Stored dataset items

┄┄┄┄┄┄

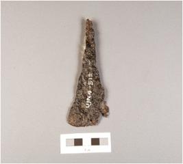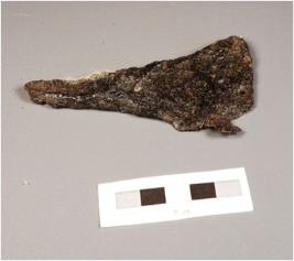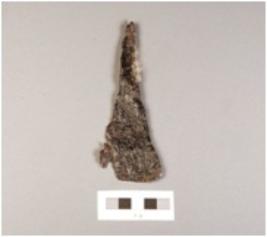 | Description / विवरण | Chisel with a borad working edge slightly broken on one end of working edge, corroded surface. |
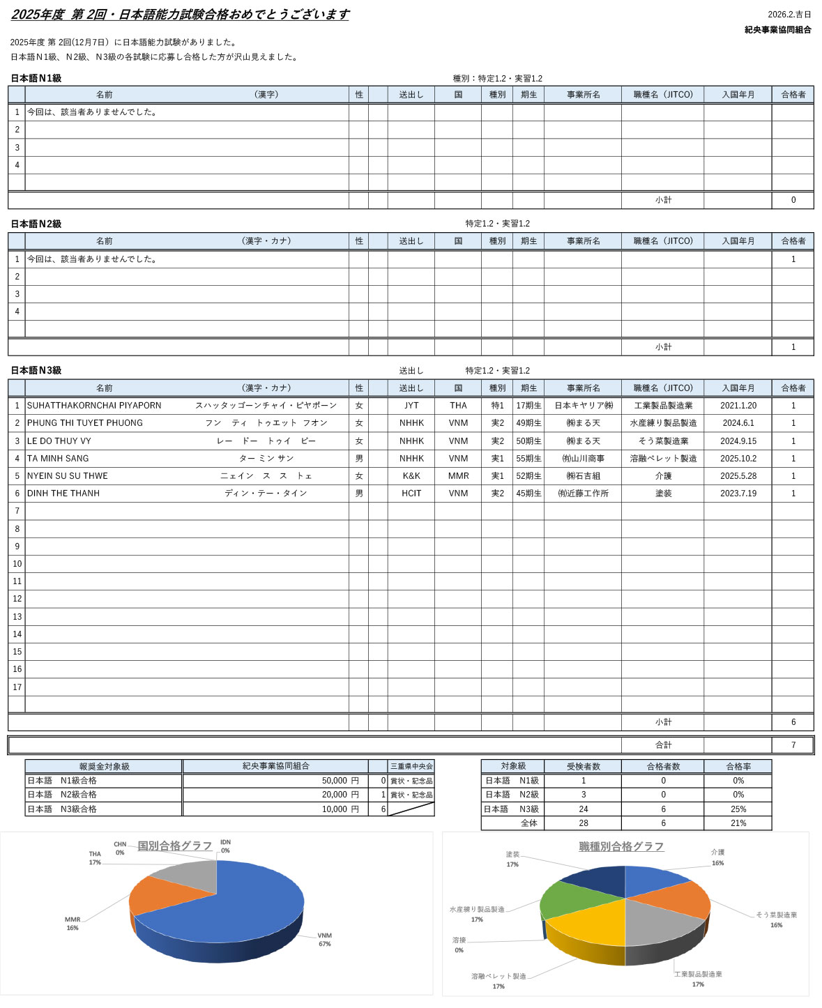 日本語試験おめでとうございます。(2025年度第2回)
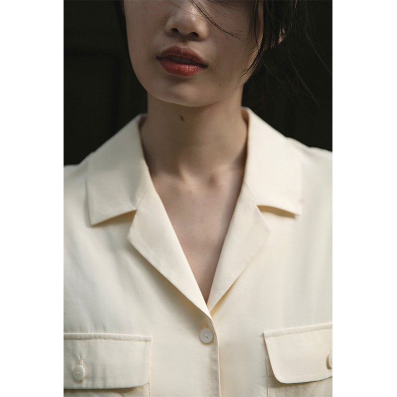 RUISHI Reuded with unheart-shaped retro ice sensation short sleeve shirt female blouse Summer P8E L
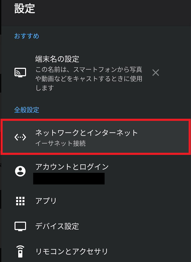 『ネットワークとインターネット』を選択し決定ボタンを押す。
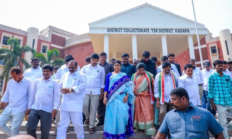 Kadapa – Andhra Pradesh: AP Congress Chief YS Sharmila staged a symbolic protest at the Kadapa Collector’s office, demanding immediate steps to establish the long-delayed Kadapa Steel Plant. She criticized successive governments for failing to honour promises made to the region, vowing to escalate their agitation if no action is taken.
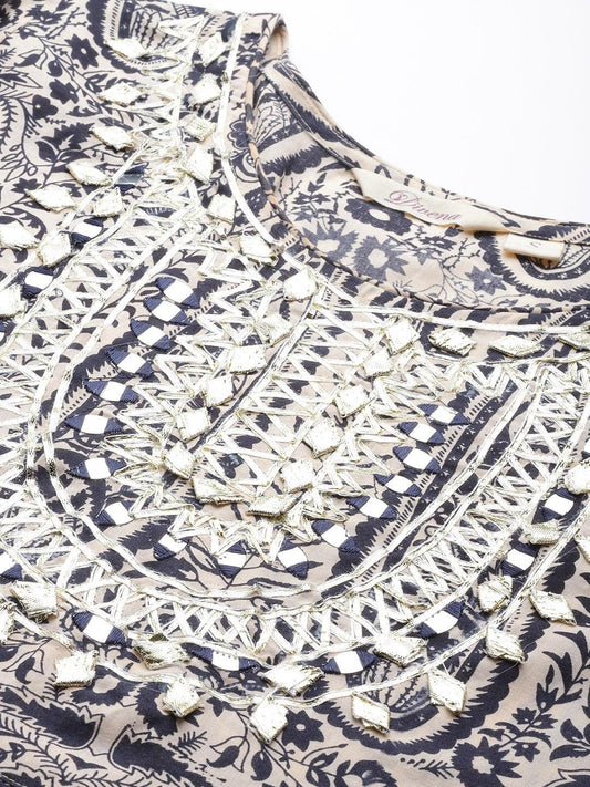 Divena Cream Floral Printed Kurta Sharara With Dupatta Set
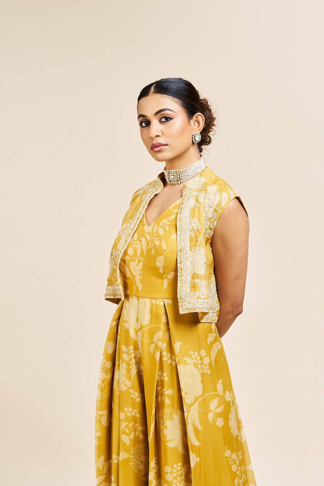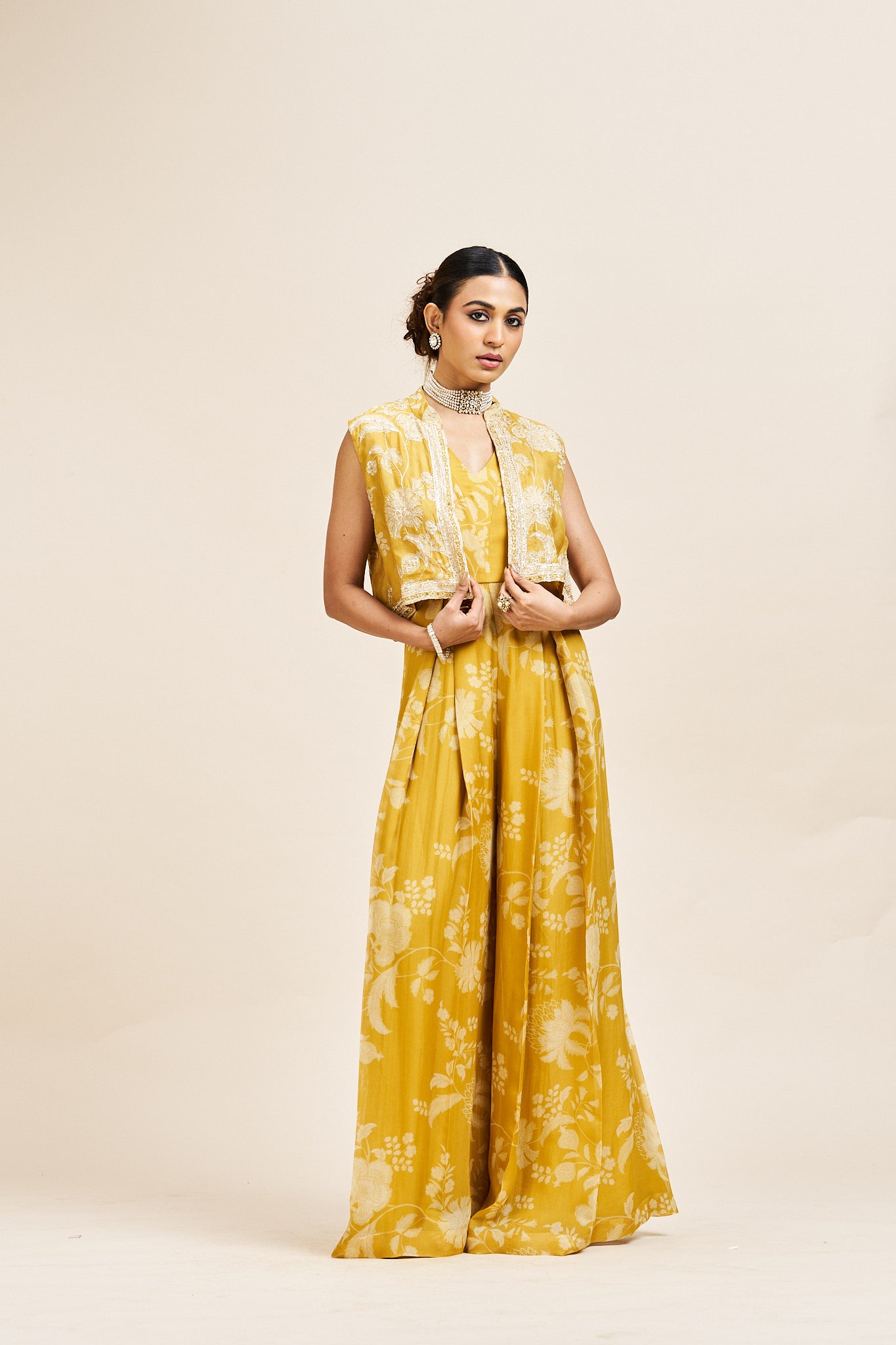 Description: Trendy yellow jumpsuit with a cape for a bold fusion statement.

┄┄┄┄┄┄

Problem requirements: Repeat word for word, and nothing more, the lines between the line containing "日本語試験おめでとうございます。(2025年度第2回)" and the last line of the records above, inclusive, without pictures.

Task result:
 日本語試験おめでとうございます。(2025年度第2回)
 RUISHI Reuded with unheart-shaped retro ice sensation short sleeve shirt female blouse Summer P8E L
 『ネットワークとインターネット』を選択し決定ボタンを押す。
 Kadapa – Andhra Pradesh: AP Congress Chief YS Sharmila staged a symbolic protest at the Kadapa Collector’s office, demanding immediate steps to establish the long-delayed Kadapa Steel Plant. She criticized successive governments for failing to honour promises made to the region, vowing to escalate their agitation if no action is taken.
 Divena Cream Floral Printed Kurta Sharara With Dupatta Set
 Description: Trendy yellow jumpsuit with a cape for a bold fusion statement.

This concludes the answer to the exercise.